# Replacing a central air unit



## danmiller3 (May 9, 2010)

Hi there - 
We have two AC units and corresponding furnaces. The smaller of the two heats and cools our second floor. We knew last year that the smaller AC unit was likely only going to last one more summer and during the yearly maintenance the tech confirmed that the AC was leaking at too quick a rate and needed to be replaced.

All AC and heating units are Carrier models and approximately 15 years old. The furnaces and larger AC unit are still working fine. It's just the smaller AC unit that is in need of replacement.

We've gotten one estimate for a Trane AC for approximately 3K for the AC only and 6K for AC plus furnace. The salesman recommended replacing both for better efficiency.

We are having a Carrier authorized dealer out tomorrow for an estimate from them.

Any thoughts or opinions on replacing the AC with a Trane unit but still keep the Carrier furnace? Are we better off just getting a replacement Carrier unit?

Thanks,
--Dan


----------



## Wuzzat? (May 9, 2010)

danmiller3 said:


> Any thoughts or opinions on replacing the AC with a Trane unit but still keep the Carrier furnace?

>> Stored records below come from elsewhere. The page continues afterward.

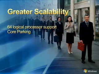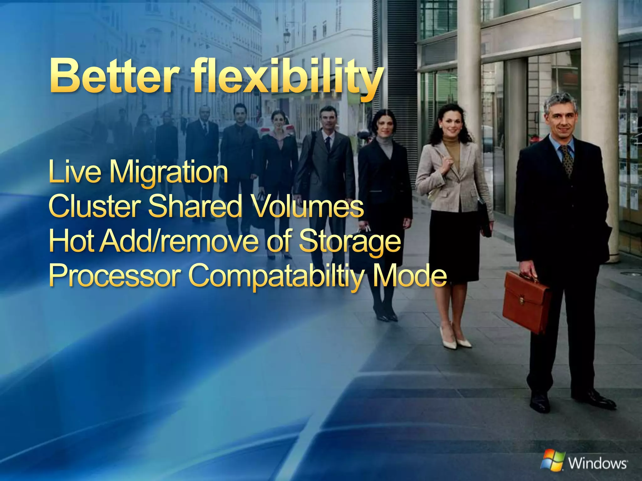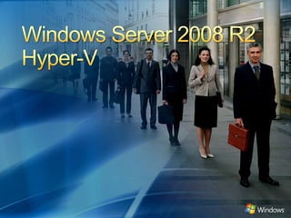 This document summarizes the key features and benefits of Microsoft's Hyper-V platform. It highlights how Hyper-V offers significant cost savings through lower upfront costs and ongoing costs compared to alternative virtualization platforms. It also improves IT flexibility and agility by enabling features like live migration, cluster shared volumes, hot-add/removal of storage, and CPU compatibility for live migration. These features along with improved performance, scalability, and ability to park/sleep unused CPU cores allow for increased server consolidation and a more efficient use of computing resources.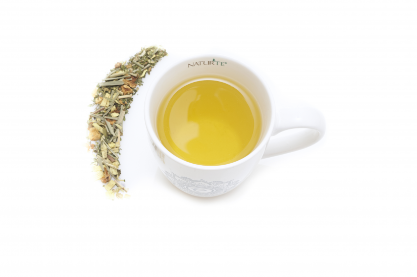 Miscela di matè, rooibos, lemongrass, pezzi di mela, semi di coriandolo, radici di liquirizia, foglie di verbena, rizomi di zenzero, foglie di menta piperita, semi di cardamomo, aroma di limone. Se associata ad un’alimentazione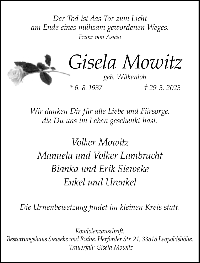 Hier finden Sie alle Traueranzeigen aus der Zeitung, die bisher für Gisela Mowitz erschienen sind. Weitere Traueranzeigen, die in der Zeitung erscheinen, werden hier ebenfalls aufgelistet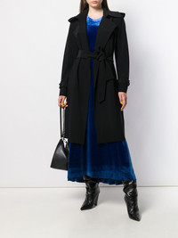belted trench coat Black belted trench coat from Norma Kamali featuring a classic collar, long sleeves, a belted waist, a mid-length and a slim fit. Imported Composition Polyester 95%, Spandex/Elastane 5% SIZE & FIT Model measurements Height 5 ft 10 in(1.77 m) Bust/Chest 31.88 in(81 cm) Hips 35.43 in(90 cm) Waist 24.8 in(63 cm) FittingInformation This piece fits true to size. We recommend you get your regular size Cut for a loose fit Made with a mid-weight stretch fabric Washing instructions Hand Wash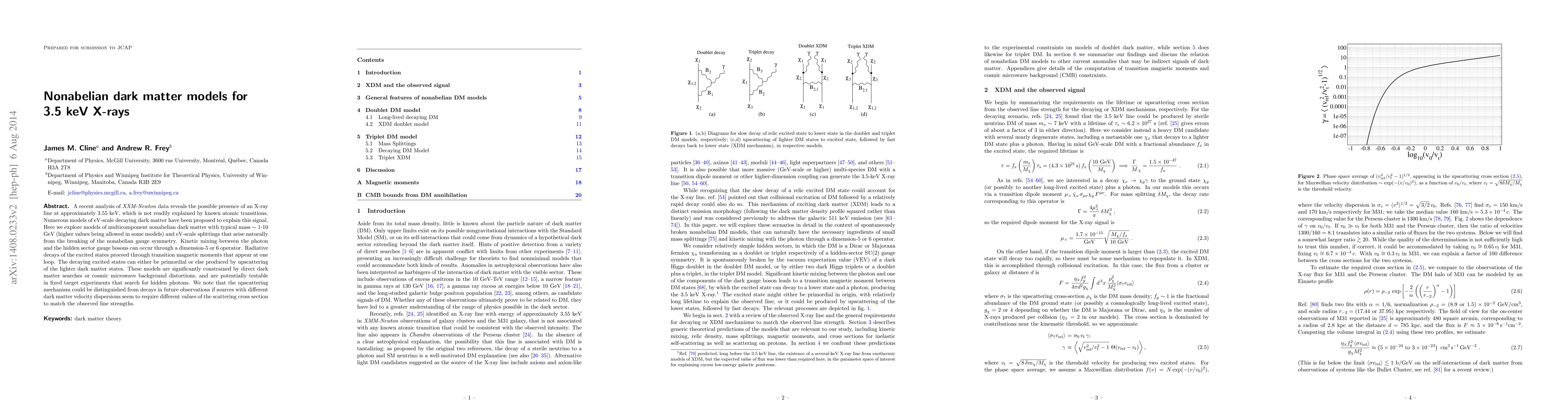 This paper investigates multicomponent nonabelian dark matter models to explain the 3.5 keV X-ray line observed in XMM-Newton data, proposing that kinetic mixing and radiative decays through hidden sector gauge bosons could produce this signal. These models face constraints from direct dark matter searches and potential future tests in fixed target experiments.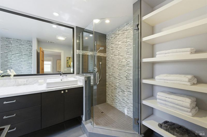 Double Sinks, Shower Stall(s), Soaking Tub, Steam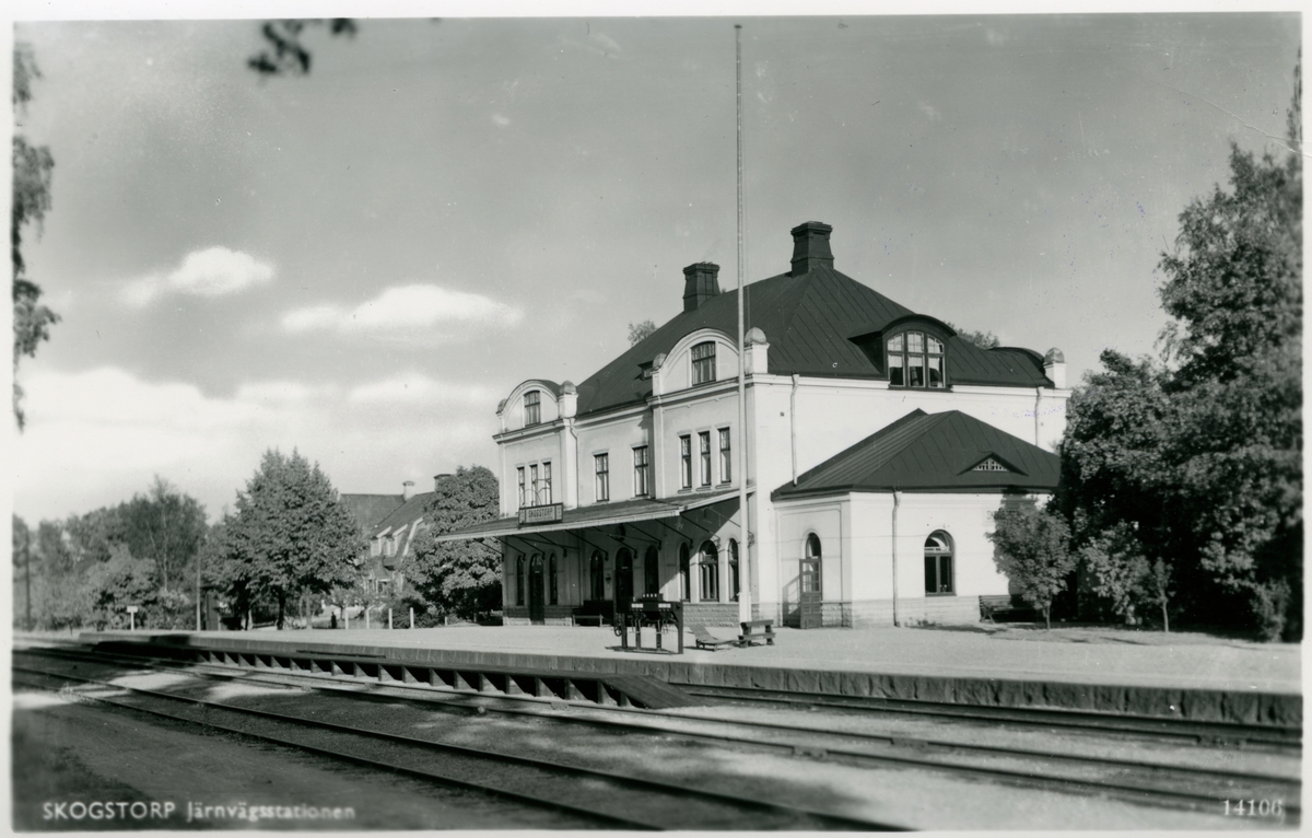 Titel: Kopia av Pressbyråns vykort 14106 av Skogstorps station. Banan elektrifierades 1953.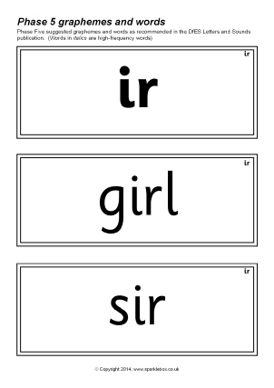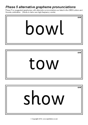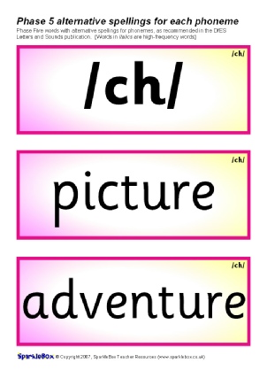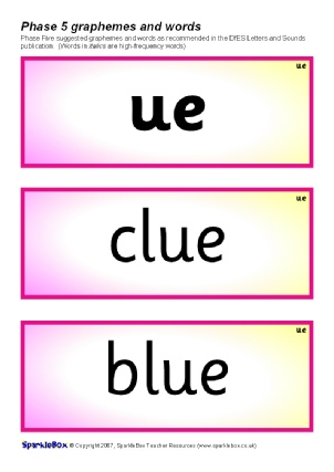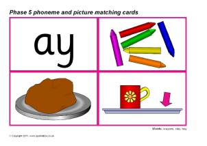 A set of printable cards with the 19 Phase 5 phonemes (specified in the DfES ‘Letters and Sounds’ document) together with pictures for matching activities.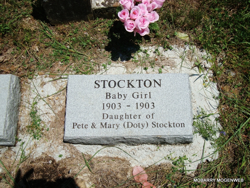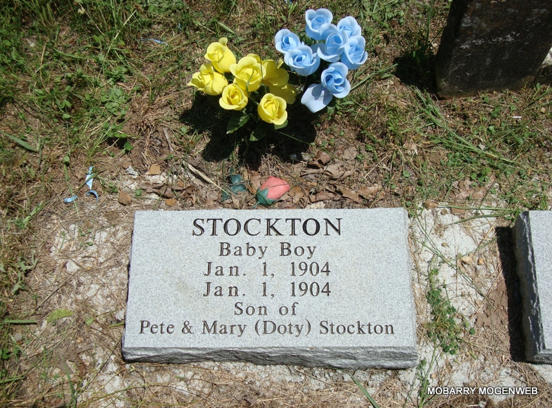 | STOCKTON, Baby Boy | Jan. 1, 1904 | Jan. 1, 1904 | Inscription: "Son of Pete and Mary (Doty) Stockton" - Research Note: May be Infant Stockton listed below with no date and note: "No Marker but known to be buried here per Mr. & Mrs. Eubanks." | Note Phyllis Long Photo Connie Schmidt |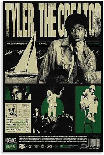 Tayuote Tyler The Creator Poster mural vintage avec collage de musique de rappeur Chromakopia - Décoration murale pour chambre à coucher - 30 x 45 cm

Are we better off just getting a replacement Carrier unit?


For unexplained reasons a high efficiency furnace does not change your utility bill, and the control board is costly and fragile.


----------



## silentdub (Jun 29, 2010)

Depending on where you live I guess is the big questions.

My house and hvac system is only 10 years old, it is a 10 seer system, I am installing a goodman 18seer system. 

I was only going to replace the A/C part of it, but the newer models use R410 refrigerant and also have multiple stages that your old furnace can't control.

After some research last week, I am going to change the furnace and A/C unit along with getting a smart thermostat.

I can get the whole unit for under 4K and I plan to install it myself. I did get a quote of 2100 to install in, not a bad price in my opinion, but I will do it myself with the help of a technician.


----------